Items listed in a dataset
◆ ◆ ◆ ◆ ◆ ◆ ◆
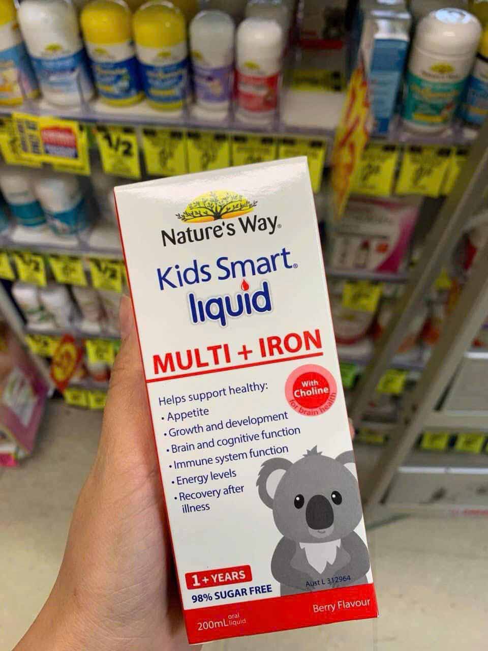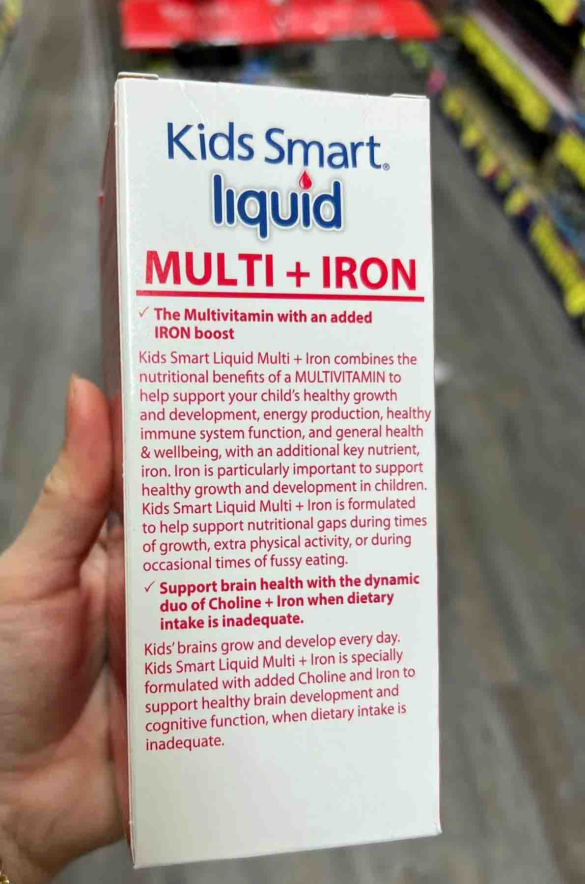 Kids Smart Liquid Multi Iron bổ sung sắt và vitamin thiết yếu dành cho trẻ từ 1 tuổi trở lên, công thức chứa sắt, choline và 12 loại vitamin – khoáng chất, hỗ trợ tăng đề kháng, đặc biệt phù hợp với trẻ biếng ăn, kén ăn hoặc có dấu hiệu thiếu vi chất. Với hương vị berry tự nhiên, ngọt dịu, dễ uống
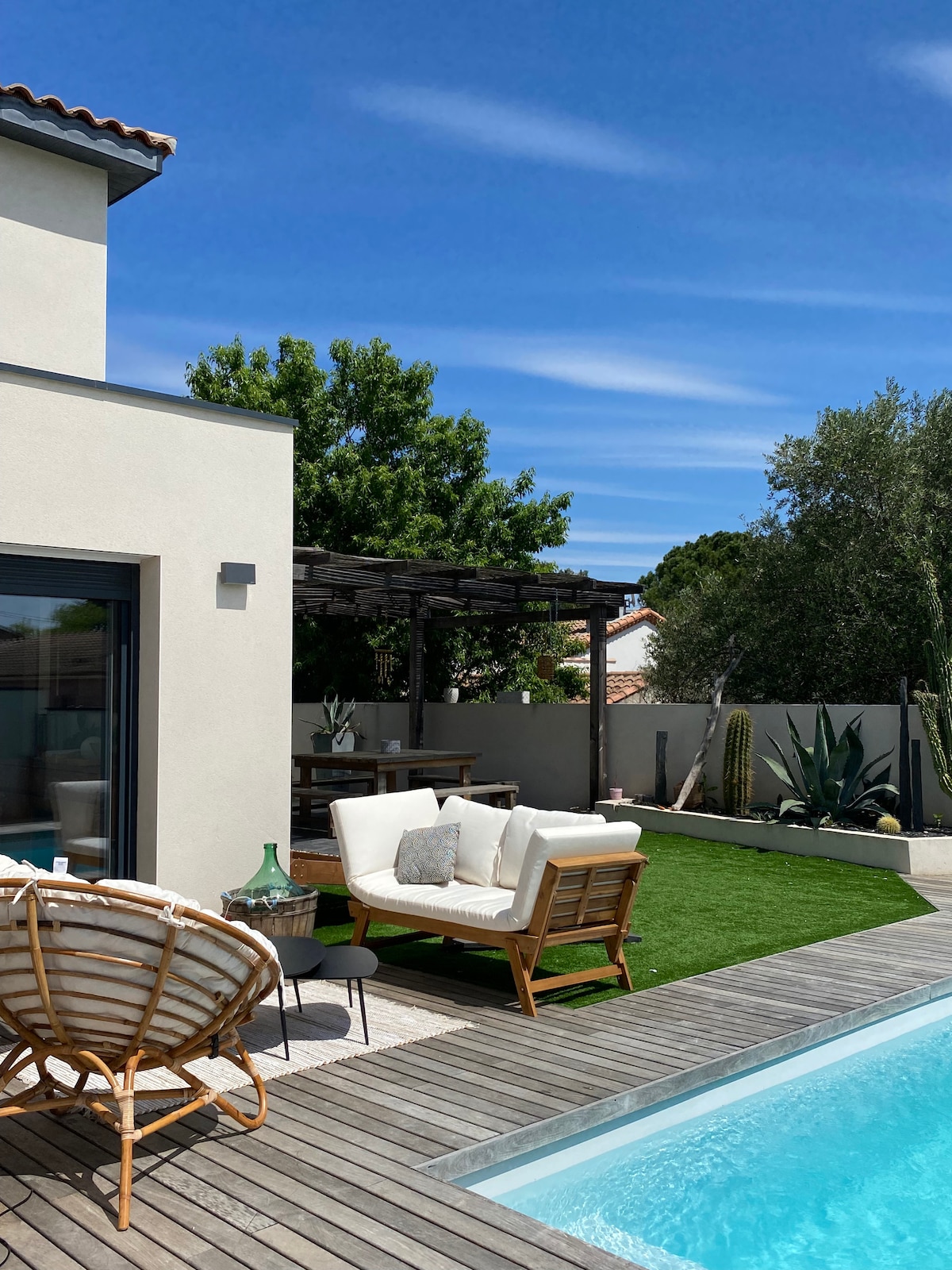 Située près du Bassin de Thau, à proximité de Mèze, Balaruc, Sète... Villa contemporaine de 105 m2 habitables 3 chambres (dont 1 dans la dépendance) : - 1 suite parentale ( salle d'eau, wc, dressing) lit 160 - 1 chambre avec placard , 2 lits simples de 90cm, 1 salle d'eau -1 chambre à l'ext de la maison dans la dépendance autour de la piscine, lit 160cm, placards, salle d'eau et WC Salon, salle à manger avec cuisine ouverte sur une grande terrasse Garage, Piscine avec transats, Terrain clos
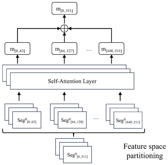 Since the vocabulary retrieved for each label may differ, this paper employs the Multi-Head Attention mechanism to integrate multiple word embedding representations under each label classification. As each word embedding has a dimensionality of 512, eight attention heads are used to split the word embedding vectors into sub-feature spaces of length 64 for separate fusion. Finally, the results are concatenated to form the complete word embedding representation. The word embedding fusion process is illustrated in Figure 7.
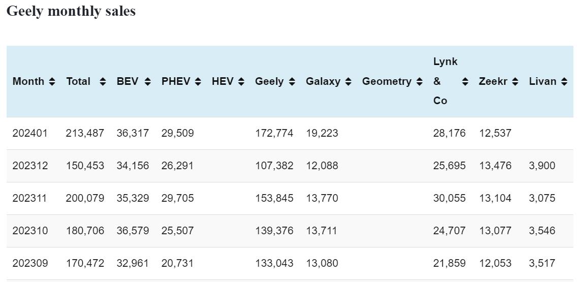 Geely sales in Jan: 213,487
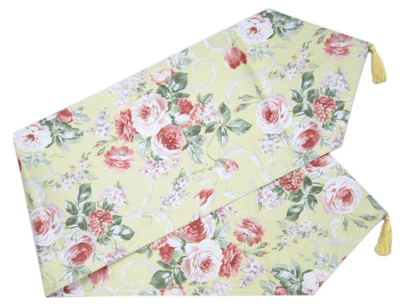 デザイン:テーブルランナー タッセル 花 ピンク 緑色 黄色
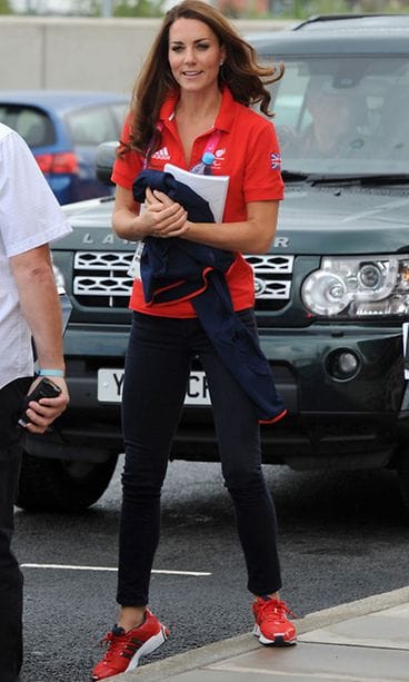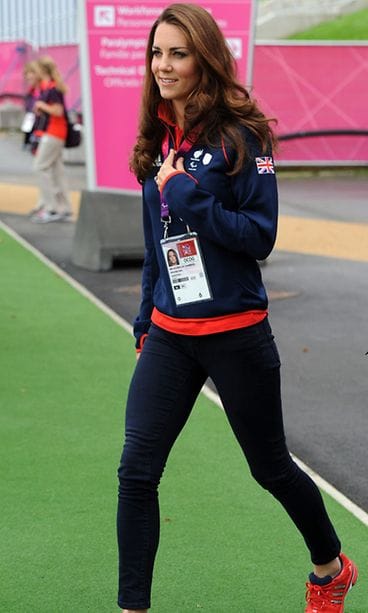 Kate oli pukeutunut brittien kisajoukkueen viralliseen asuun, joka koostui pirteistä kirkkaanpunaisista sekä sinisistä vaatekappaleista. Vaikka Kate on totuttu näkemään huomattavasti tätä juhlallisemmissa asuissa, tunnisti näyttävän herttuattaren heti itsekseen.
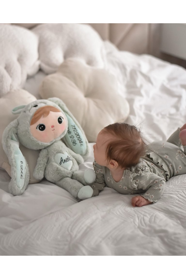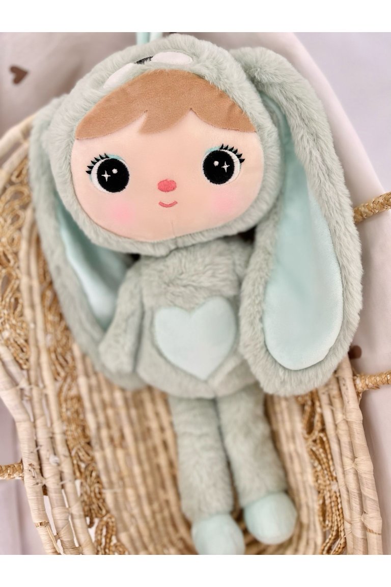 Metoo bábika Zajačik svetlozelený, 50 cm. Bábika Zajačik bude veľmi milým spoločníkom pre vaše detičky. Je vyrobená z bezpečného a príjemného materiálu na dotyk, ktorý zabezpečuje nielen pohodlie, ale aj trvanlivosť.
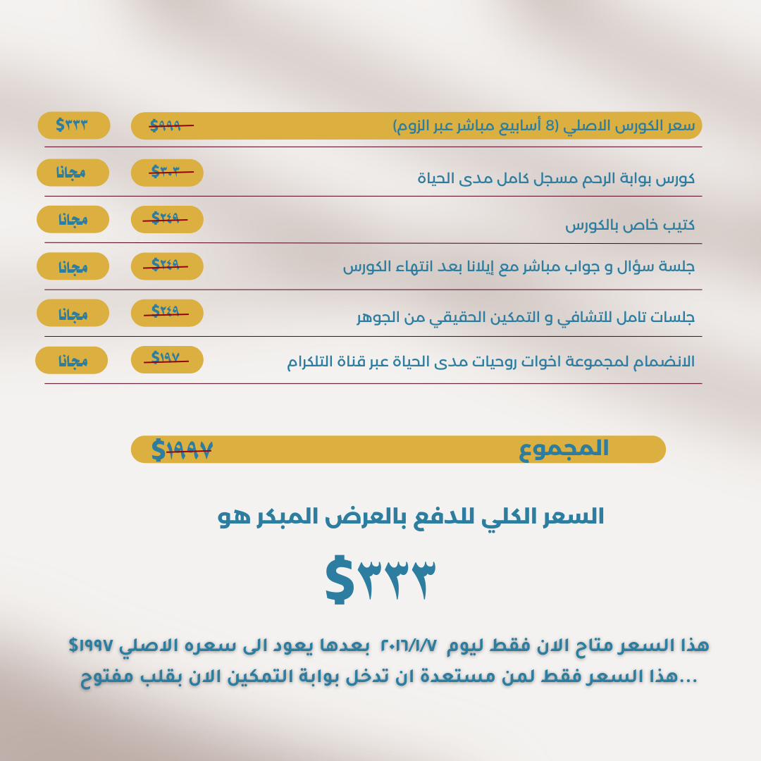 إذا كنت مهتمة بكورس البوابات الثلاثة المباشر live عبر الزوم لمدة ستة أيام من ال
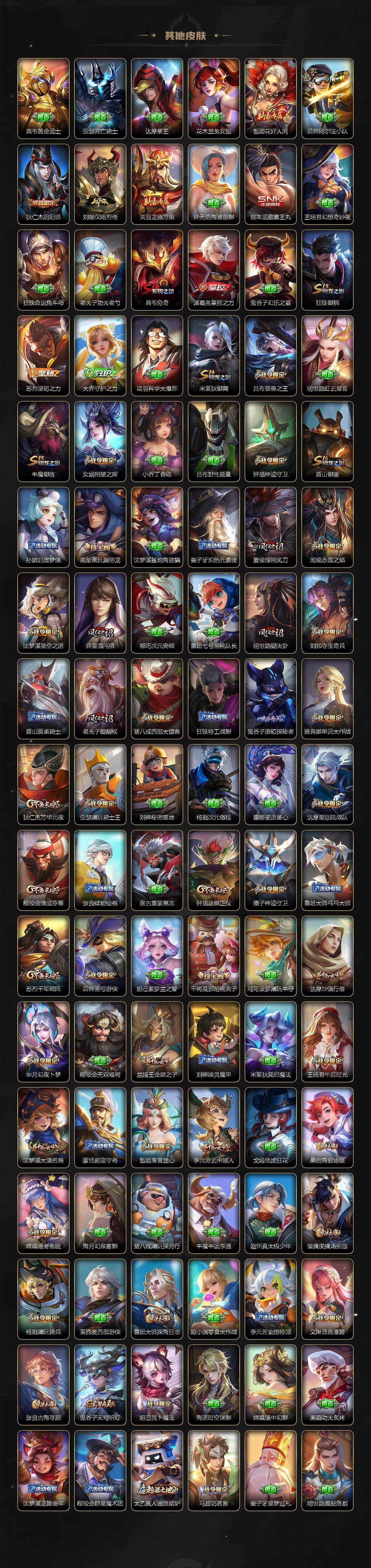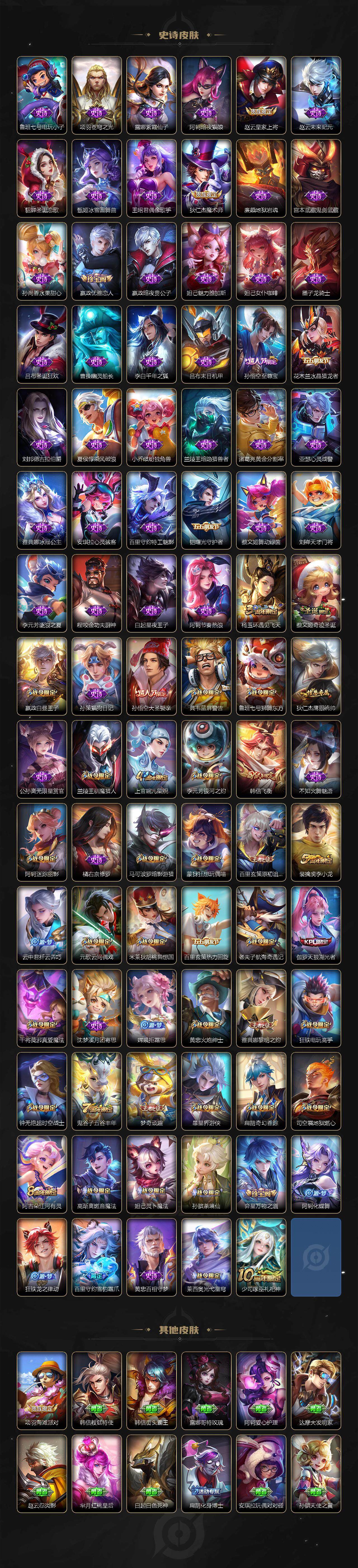 【传说皮肤】:后羿神树通天,澜愿照九州拓,马超琥珀纪元,马可波罗深海之息,曜李逍遥 ,虞姬启明星使,百里玄策白虎志,杨戬永曜之星,
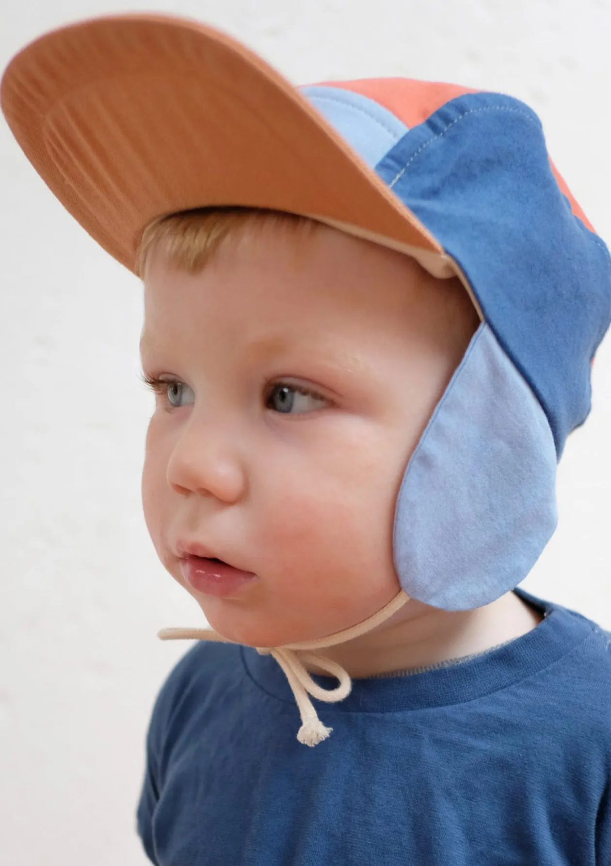 - breiter Schirm und Ohrenklappen (zum Schutz vor Sonne/Wind) mit Bändern für optimalen Halt
◆ ◆ ◆ ◆ ◆ ◆ ◆
Please print exactly the lines from the line containing "Geely sales in Jan: 213,487" through the end of the records above, both included, leaving out every picture.

▶ _Solution for this exercise_:
 Geely sales in Jan: 213,487
 デザイン:テーブルランナー タッセル 花 ピンク 緑色 黄色
 Kate oli pukeutunut brittien kisajoukkueen viralliseen asuun, joka koostui pirteistä kirkkaanpunaisista sekä sinisistä vaatekappaleista. Vaikka Kate on totuttu näkemään huomattavasti tätä juhlallisemmissa asuissa, tunnisti näyttävän herttuattaren heti itsekseen.
 Metoo bábika Zajačik svetlozelený, 50 cm. Bábika Zajačik bude veľmi milým spoločníkom pre vaše detičky. Je vyrobená z bezpečného a príjemného materiálu na dotyk, ktorý zabezpečuje nielen pohodlie, ale aj trvanlivosť.
 إذا كنت مهتمة بكورس البوابات الثلاثة المباشر live عبر الزوم لمدة ستة أيام من ال
 【传说皮肤】:后羿神树通天,澜愿照九州拓,马超琥珀纪元,马可波罗深海之息,曜李逍遥 ,虞姬启明星使,百里玄策白虎志,杨戬永曜之星,
 - breiter Schirm und Ohrenklappen (zum Schutz vor Sonne/Wind) mit Bändern für optimalen Halt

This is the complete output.